I don't get the sunglasses thing either. For me, it's more comfortable to have them under the strap. Plus, they're less likely to get knocked off by said straps. Then again, it might just be a myth started by Oakley!
Another don't that I do: overlap wheels. When in a small paceline with riders that can hold a line, I will temporarily overlap wheels so I don't have to brake. Makes me more predictable to the rider behind me too. Yes, if you're with inexperienced riders or in an area that makes it hard to hold a line, then not overlapping is a good idea.


----------



## Alkan (Jun 30, 2011)

What do you mean by overlapping?


----------



## AndrwSwitch (May 28, 2009)

If you imagine a line drawn on the pavement behind the back edge of the wheel of the rider in front of you, the front edge of your wheel should never cross that line.

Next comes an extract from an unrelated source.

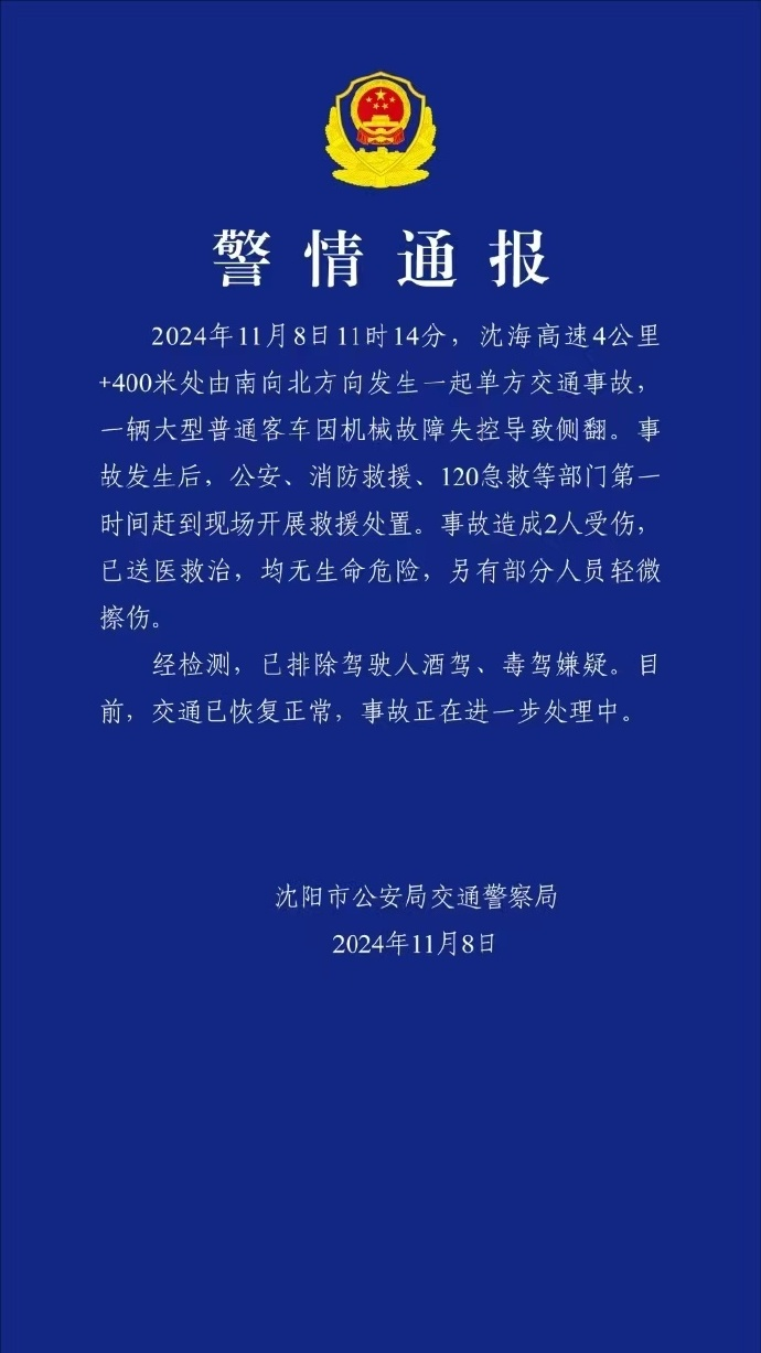 沈阳交警通报,11月8日11时14分,沈海高速发生一起单方交通事故,一辆大型普通客车因机械故障失控导致侧翻。事故发生后,公安等部门第一时间赶到现场开展救援处置。事故造成2人受伤,已送医救治,均无生命危险,另有部分人员轻微擦伤。
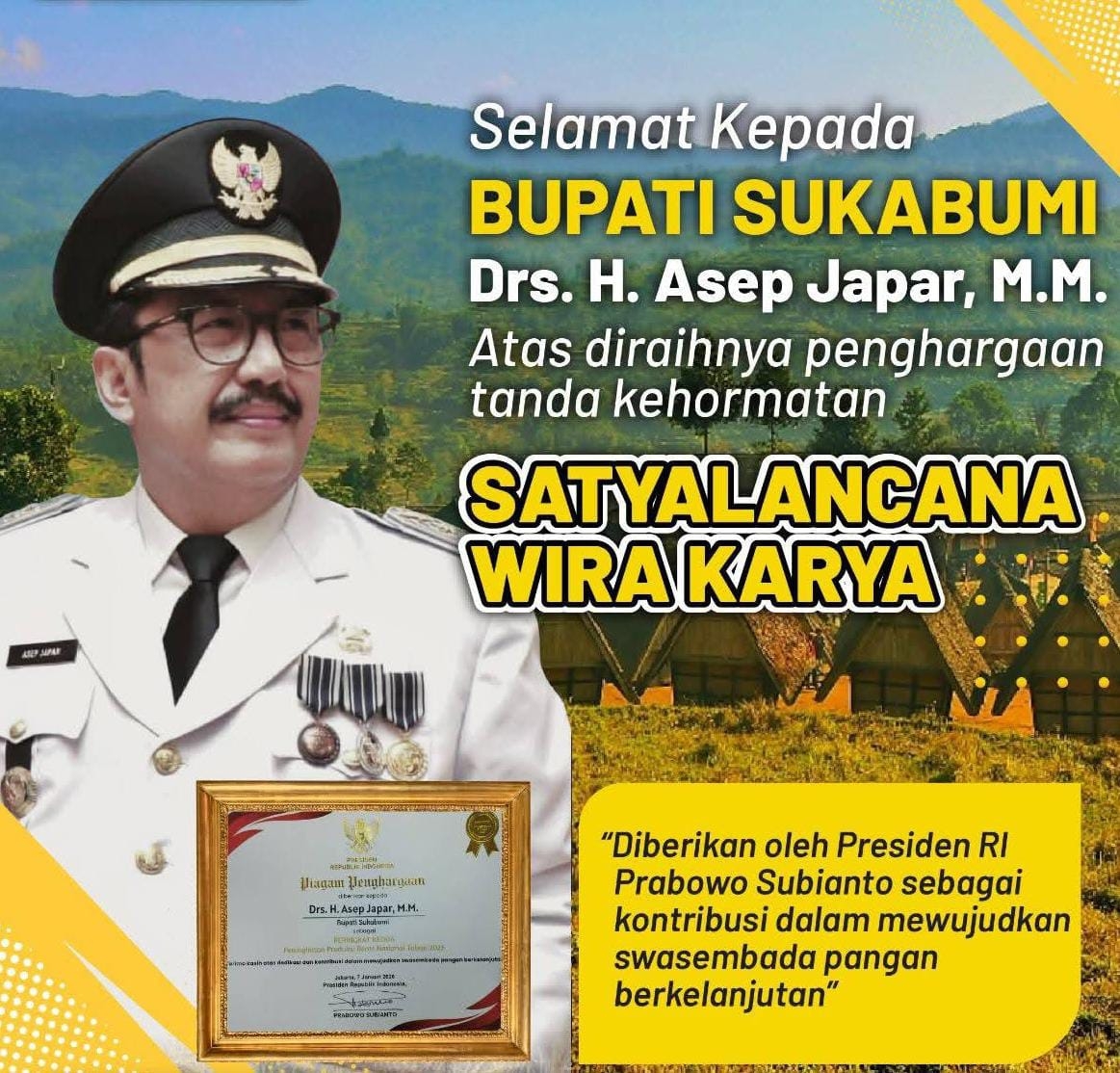 ARAHBICARA.COM – Kabupaten Sukabumi kembali menorehkan prestasi. Bupati Sukabumi Drs. H. Asep Japar menerima penghargaan Satyalancana Wirakarya dari Presiden RI Prabowo Subianto atas kontribusinya dalam mewujudkan swasembada pangan berkelanjutan.

If you do drift up a little and the rider in front of you makes a lateral move, his wheel will bang into your wheel and you're likely to go down. Much of the time, the rider in front will be fine. If there are a lot of riders behind you, you and they are in a world of hurt.


----------



## sportsaddict99 (Mar 26, 2011)

Hooben said:


> Don't...
> 
> descend a curvy road on your hoods
> .


USA Cycling suggests otherwise. This comes from an article talking about how to descend at high speeds

_"Body Position
For optimal control, ride with your hands in the hoods and your elbows bent. "_

http://www.usacycling.org/news/user/story.php?id=6880


----------



## AndrwSwitch (May 28, 2009)

USA Cycling also wants me to pay them $120 a year to race my bikes.


----------



## Hundminen (Mar 21, 2011)

Don't blow a snot rocket when out for a leisurely ride with the wife.


----------



## Alkan (Jun 30, 2011)

Figured as much. I thought that would be common sense...


----------



## foball17 (Aug 9, 2010)

Don't run 4-way stops. Seriously. I used to do it all the time (while always looking first) and then in one week I watched 3 different cars run right through the stops as well. Good way to die IYAM. So now I come to a damn near stop at EVERY stop sign until I can view traffic up and down in both directions.

Don't show up to the group ride with a crusty kit that ain't been washed after a week's worth of use. No one wants to smell how hard you've been training and it's a good way to get your self dropped.


----------



## flatsix911 (Jun 28, 2009)

cxwrench said:


> really? you'd wear your bibs OVER your jersey? as for sunglasses and helmet straps? proper form is clearly stated in the rules...see #37
> http://www.velominati.com/blog/the-rules/


Well done ... :thumbsup:



> Rule #37 / The arms of the eyewear shall always be placed over the helmet straps.
> No exceptions. This is for various reasons that may or may not matter; it’s just the way it is.


----------



## lkwmic (Aug 5, 2011)

I just know SAFETY is the most important issue for me


----------



## QuiQuaeQuod (Jan 24, 2003)

Peanya said:


> I don't get the sunglasses thing either. For me, it's more comfortable to have them under the strap. Plus, they're less likely to get knocked off by said straps. Then again, it might just be a myth started by Oakley!


I think most people are more likely to take their sunglasses off during a ride than their helmet. On a climb for example. It is really hard to put sunglasses back on UNDER the straps when riding. If your straps are loose enough to make that easy, they are probably too loose for safety.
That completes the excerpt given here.